Submitting Institution

University of St Andrews

Unit of Assessment

Geography, Environmental Studies and Archaeology

Summary Impact Type


Research Subject Area(s)

Mathematical Sciences: Statistics
Medical and Health Sciences: Public Health and Health Services
Economics: Applied Economics

Download original


Summary of the impact

The Scottish Longitudinal Study (SLS) is a pioneering study, combining census, civil registration, health and education data (administrative data). It has established an approach that allows the legal and ethical use of personal, sensitive information by maintaining anonymity within the data system. This approach has become a model for the national data linkage systems that are now being established across the UK. The SLS has also enabled policy analysts to monitor key characteristics of the Scottish population in particular health inequalities (alerting policy makers to Scotland's poor position within Europe), migration (aiding economic planning) and changing tenure patterns (informing house building decisions). Finally, the study has become fully embedded in Scotland's National Statistical agency, allowing it to produce new informative statistical series.

Underpinning research

Longitudinal studies have a long history in British social and epidemiological research. Most are based on surveys relying on re-interviews of the same persons over time. This can result in a high proportion of study members becoming lost to follow-up, potentially introducing important biases to the study. The Scottish Longitudinal Study (SLS) is different. It has been set up at the University of St Andrews to collect data that is either required by law (Census, birth registration, death registration, marriage registration) or is a standard administrative function within Britain (hospital admissions data). The SLS was proposed in 2001 as a key tool for the Scottish devolved administration by a team of Geographers (from the Universities of St Andrews - P. Boyle (Professor 1999-2010), R. Flowerdew (Professor 2000-2012), Dundee - A. Findlay, now at St Andrews (Professor 2011-2013) and medical researchers (from Edinburgh and Glasgow). Policy makers were convinced of its value, funding it through amongst other sources the CSO (Scotland's Chief Scientific Office) as well as ESRC and the Scottish Funding Council. The study was led by Boyle until 2009 and then by Dibben St Andrews (Reader 2004-2013).

The key underpinning research is summarised in 5 areas.

1. Legal, ethical and governance research
The SLS is founded on the linking of personal data for which consent cannot be practically sought between individuals. This creates a circular problem where the data used has to remain anonymous, to comply with data protection legislation, while in order to link the datasets, names and addresses have to be used. Legal and governance research (2001-2004) revealed a method based on `firewalls' and `Trusted Third Party' mechanisms (where the linkage is carried out by an organisation geographically separate from that managing the research dataset, this means that the research organization does not need to hold names and addresses greatly reducing the risk of disclosure) that allow linkage while also maintaining anonymity [1].

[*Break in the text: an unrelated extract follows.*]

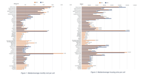 Average monthly rent per unit and average housing price per unit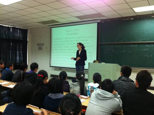 10月24日上午,教南104济济一堂,外籍教师Alicia给研究生学院同学进行了一场关于文化差异、文化休克专题讲座。Alicia先从文化的涵义谈起,接着结合自己的经历从价值观念、隐私观念、生活习惯对比了中西文化差异。Alicia讲座诙谐有趣,原定15分钟的提问时间一直延续了45分钟。同学们也表现出了极大的热情,所提问题也相当广泛,有关于美剧、美国枪支、正在进行的大选、美国节日、美国人的运动热情和中国英语学习热现象等。对于同学们的问题,Alicia都一一做了解答。

2. Sample design and data development
Research was carried out into suitable sampling strategies that would ensure that the sampling of birthdates across the year did not produce seasons of the year with no coverage. Considerable work was involved (2001-2004) in processing the census forms in particular, retrospectively coding the 90% of `difficult to code' census information (e.g. occupation) that were not available electronically. Automatic systems for coding these were developed to allow cost-effective processing [1].

3. Linking methodology
None of the datasets that were to be linked for individuals (to produce the breadth and length of record for individuals) could be simply matched. Instead a method had to be developed that would use information such as address and date of birth to find the appropriate record for an individual (2001-2004). This method had to be sensitive to misspellings and changes to this information (i.e. people moving). We therefore developed a complex system of probabilistic and manual matching stages, all of which were implemented through a process that limited the amount of information any one organization had, to reduce the risk of information disclosure. This process was very successful, leading to final tracing and matching rates of >98% [1].

4. Research demonstrating the utility of a census-administrative data based longitudinal study
In order for the large investment in the setting up and running of the SLS to be made, a continuing case for the utility of such a study had to be established. Research therefore into gaps into the Scottish policy evidence base, the utility of administrative data-based research and a potential SLS methodology was undertaken and fed into the case for support for the study took place 2007 onwards after the data became available for analysis [2-4]. This led to the initial investment in the SLS by multiple funders [1] [A-C].

5. Estimating new variables in the data
The SLS is based on census and administrative data with variables limited to those collected in these systems. Research has therefore led to the estimation of `synthetic measures', using a number of modeling methods, of variables of research importance 2011-13. This has included estimates of smoking propensity and income [5].

Thus, a complex system has been put in place which allows anonymous individual-level data drawn from a range of different sources to be linked and held in the SLS.

References to the research

The design of the SLS was set out in a series of working papers and these were then combined into a main summary paper [1]. This was then published in the International Journal of Epidemiology, the main journal where new cohort/ longitudinal studies are introduced. The international excellence, in terms of originality and significance, of the research on which the study is based, is recognised by this and the continuing funding of the study by the Economic and Social Research Council.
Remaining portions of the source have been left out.